Pazartesi, Ekim 16, 2006

geçmişten fısıltılar..

.
..
...
(yemekten döndüm başladım yazmaya.. canım durmak istemiyor, mantıklı,mantıksız devam etmek istiyorum aslında,ama iş var.. iş bitince muhtemelen düşünceler de uçup gidecek..yine de bunu draft olarak düşüneceğim)
.
..
içim kabarıyor... şebnem ferah'ın şarkısındaki gibi içimde yükselen bi deniz var, sanki... yutkunuyorum aşağı doğru gidiyor... gel-git gibi...yenilenmek için yeni bir adım atmak.. zordur...yolda yürürken sürekli arkana bakıyorsan ya da gözlerin attığın adımlarla birlikte yerde yürüyorsa,ilerlemiş oluyor musun.. yenilenmiş, yeni bir hayata başlamış mı oluyorsun...
ama belki de olması gereken bu, ilk adımların basıp geçtiğin topraklarla alakalı olacak.. bir süre sonra -zaman herşeye ilaç dedikleri bu mu- ileride atacağın adımları düşüneceksin ya da o sırada attıklarının sağlam ve yerinde olmasını... hayat hakkında çıkarımlar yapmaktan vazgeçeceksin... ama yine de kafan,beynin senden bağımsız hareket edecek.. yaşadığın, gördüğün, yaşamına giren herşeyin sebebi; bir zaman önce onları düşünmüş, eleştirmiş, anlamamış olman değil mi...
imkansız ama nasıl olur, dediklerinin, fazlasıyla mümkün olduğunu yaşayarak görüp, hiçbirşeye şaşırmamaya çalışmanın sebebi..hı?

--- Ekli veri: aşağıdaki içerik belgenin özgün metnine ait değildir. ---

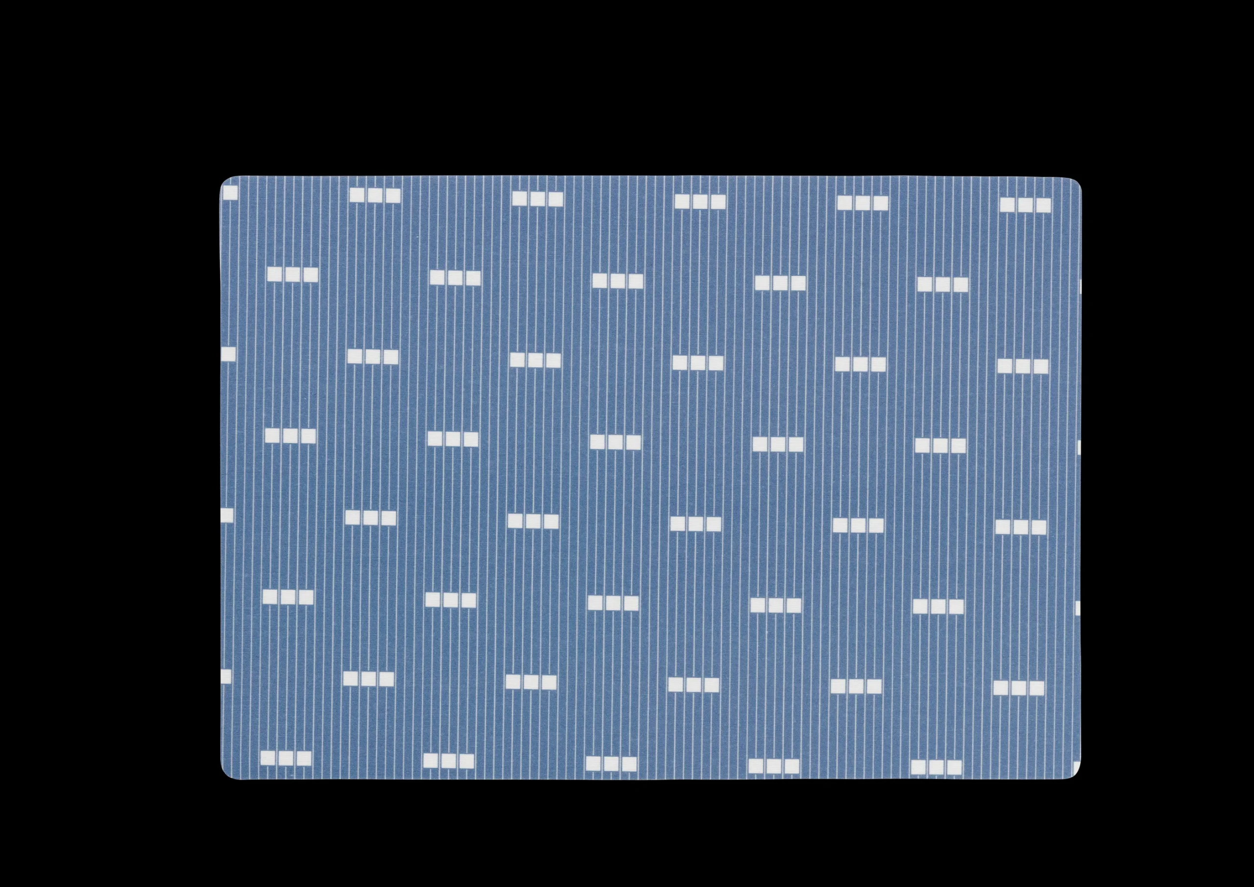 Vakker, himmelblå dekkebrikke med fint mønster bestående av små, hvite linjer og firkanter. Dekkematten er en del av JUNA sin Tribe-serie og er laget av 50 % bomull og 50 % polyester med akryl, noe som gjør den superenkel å holde ren. Det må bare tørkes av med en fuktig klut. I tillegg til å være enkel å rengjøre, beskytter bordmatten også spisebordet ditt mot kokeplater, da baksiden er dekket med skum.

kendini şartlandırmayla, kendine öğretmeye çalışarak, hiçbirşeyi uygulayamadığını, acılar çektirerek sana öğreten hayata rağmen, tekrar ve aynen, aynı "hataları" yapıyor olman.. ne denebilir, ne diyebilirsin...dememen de gerekir,en azından bunu öğrendin...
tespitler yapmak,çıkarımlarda bulunmak tehlikelidir hayatta... eğer iyi niyetli biriysen ve yanlış düşünüyorsan, öğretir çünkü hayat sana doğrusunu.. kötüysen sallamaz bile seni.. evet bu yüzdendir en olmadık şeylerin iyilerin başına gelmesi... hayat yoğurur onları, bilsinler ister, çiğ kalmasın, eksik olmasınlar ister.. kemale ulaştırmak için çabalar hayat bizi... evet, kendimi de kattım bu gruba... ne de olsa tespit yaptım yine... yanlışsa öğreneceğim nasılsa bir şekilde... öğrendiğimi sanacağım ya da yine yeniden devam edecek...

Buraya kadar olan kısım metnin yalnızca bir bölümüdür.